Despite the importance of these species in maintaining marshes, no study has investigated their relationship in northern marshes. The vast majority of studies on interactions between S. alterniflora and G. demissa have been conducted in New England (Bertness 1984; Altieri et al. 2007); however, these marshes do not experience the harsh environmental conditions and increased storm frequency that occurs at latitudes further north (Wimmer et al. 2006; Bertness 2007). Marshes along the southern coast of the Gulf of St. Lawrence, Canada are known to be deteriorating. In healthy marshes, there are clear zones due to the distribution of flowering plants at various elevations; however, in the southern Gulf of St. Lawrence, the marsh edge is fringed with a mat of peat where S. alterniflora had once flourished, but has subsequently died off, and protruding from these dead mats are G. demissa (Garbary unpublished). The southern Gulf of St. Lawrence experiences greater environmental stress than New England marshes; therefore, we predicted G. demissa would exhibit an even greater dependence on S. alterniflora and that recruitment of G. demissa to the lowest marsh elevations would be inhibited by the lack of living S. alterniflora. Our study set out to investigate the general patterns of G. demissa distribution across zones of S. alterniflora in the deteriorating marshes along the southern coast of the Gulf of St. Lawrence, Canada. We examined the size structure of populations of G. demissa across zones of S. alterniflora (defined based on the density of S. alterniflora).

Materials and methods

Size structure of Geukensia demissa was examined at nine sites along the north shore of Nova Scotia, on the Gulf of St. Lawrence in the late summer and fall of 2007 and 2008. Two sites were located in Pomquet, Merigomish and Pugwash Harbours and one site in Cheticamp, Antigonish and Caribou Harbours (Fig. 1, Table 1). All of these harbors are estuaries formed from drowned river valleys (Davis and Browne 1997). Cheticamp, Pomquet, Merigomish, Antigonish and Caribou Harbour are all shallow water systems (mostly 1–5 m) with sand dune barrier beaches and with soft-bottom communities typically dominated by Zostera marina L. Pugwash Harbour is a deeper water channel with no sand dune barrier present. All the estuaries have extensive areas of fringing salt marshes and a tidal amplitude of approximately 1.4 m. The shores have very limited exposure to wave action, and the fetch for the sampling sites varied from 200 to 500 m.
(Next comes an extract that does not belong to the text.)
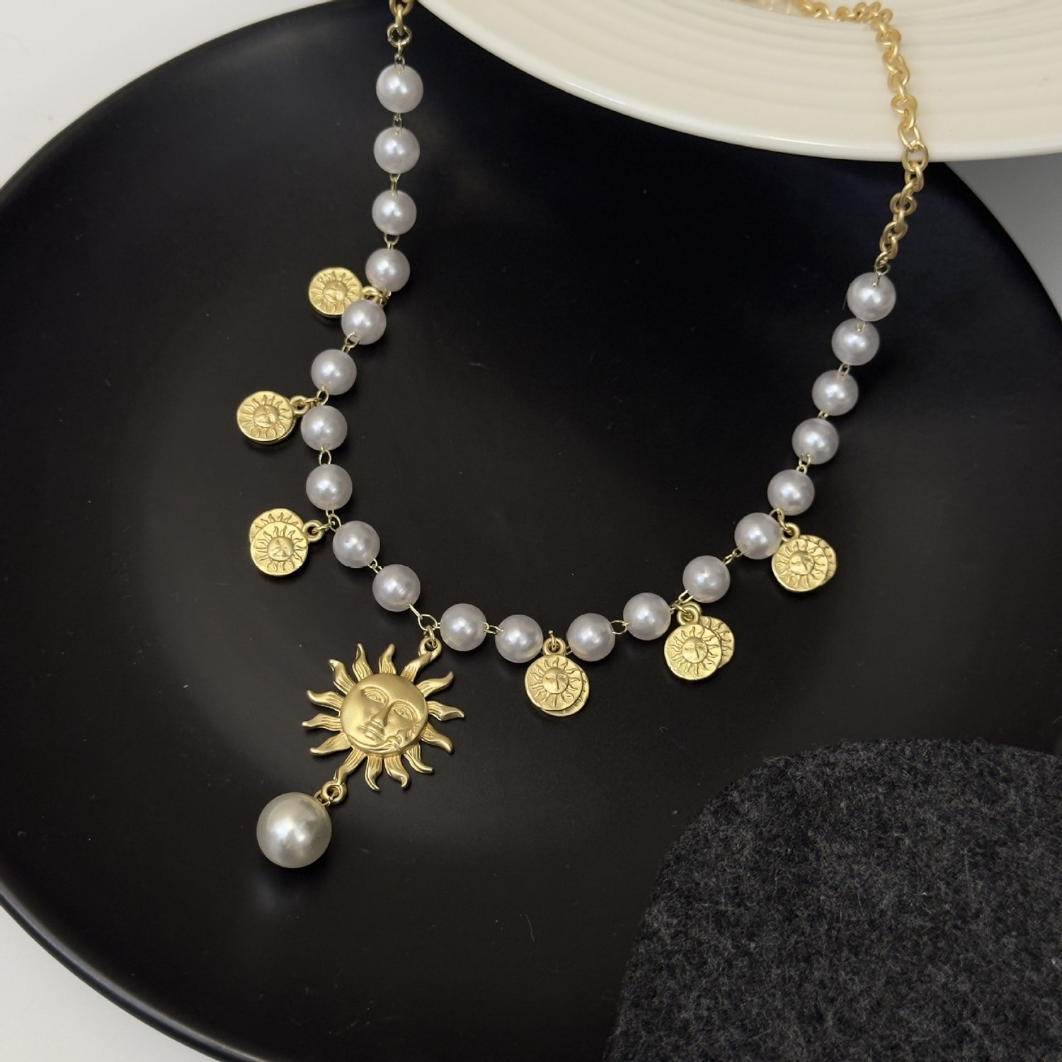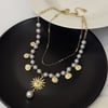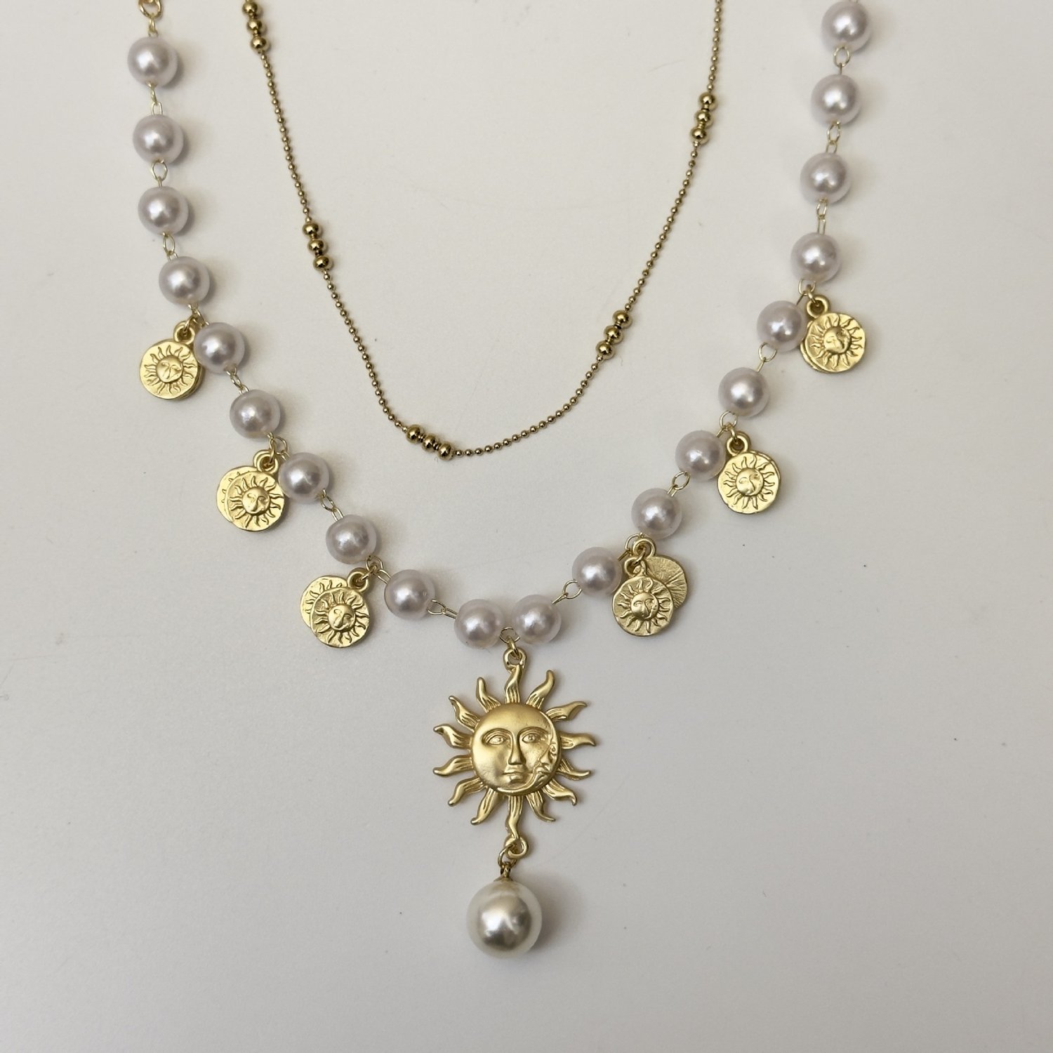 Vintage medieval court style handmade beaded sun star pearl stacking pendant necklace

Although there is considerable variation in salinity within each estuary, sampling sites we used typically varied from 20 to 28‰ (Kim et al. 2004; Garbary et al. 2008).

Fig. 1
figure 1

Map indicating all sites sampled in Nova Scotia, Canada

Table 1 Estuary, study site with coordinates and the years each study site was sampled or visited

Within the region of the marsh dominated by S. alterniflora, we defined three zones based on its density and elevation (Fig. 2). The first zone consisted of mats of peat where S. alterniflora had once grown, but had died and was at the lowest marsh elevations. At some sites, the dead zone was contiguous with the living marsh vegetation; at other sites, the dead mats had become detached and drifted to slightly lower intertidal elevations. The width of this zone ranged from 0.6 to 4.0 m (average ca. 1.7 m), as measured from the widest area where mussels were sampled. At zone margins, the zones were sometimes indistinct and, therefore, G. demissa was defined as being in the dead zone if there was no living S. alterniflora within 5.0 cm around the mussel. The ‘living’ marsh vegetation begins with a region in which S. alterniflora appears healthy, but occurs in relatively low density and was higher in elevation than the dead zone. We refer to this as the intermediate zone. The zone was adjacent to the dead zone but slightly higher in elevation (ca. 10 cm). Within this zone, there was living S. alterniflora; however, it was sparse. The width of this zone across the sites was 1.0–2.8 m (average ca. 1.7 m). Geukensia demissa was defined as being a part of the intermediate zone if it had at least one living S. alterniflora shoot within 5.0 cm. The final zone was referred to as the dense S. alterniflora zone, and it was between the intermediate zone and a region of marsh dominated either by Spartina patens or by Juncus gerardii and was at the highest marsh elevation considered. Geukensia demissa in the dense zone was surrounded by S. alterniflora on all sides and was often attached to the underground root-rhizome system by byssal threads. The width of this zone across the sites was 1.2–6.4 m (average ca. 2.9 m).

Fig. 2
figure 2

Portion of salt marsh at Town Point, Antigonish Harbour with arrows indicating the three Spartina alterniflora zones

The lengths of 150 G. demissa were measured per site, 50 from each of the dead, intermediate and dense zones. Geukensia demissa population numbers were low in all sites, and the first 50 mussels encountered during an intensive search, beginning at one edge of the marsh, were measured. The mussels were measured from the anterior to the posterior ends. Although counting internal growth rings provides an accurate measure of age, we chose length as an approximation of age because this method is non-destructive. In addition, previous studies found that length of G. demissa is highly correlated with age (Lutz and Castagna 1980; Brousseau 1984; Bertness and Grosholz 1985). Analysis of external growth bands has also been used to age mussels; however, this procedure is not as accurate because annual rings are not always clearly distinguished from other concentric lines and scars on the shell surface (Brousseau 1984). These rings can be hard to distinguish once the mussel ages and shell erosion occurs. Furthermore, we considered this method too intrusive.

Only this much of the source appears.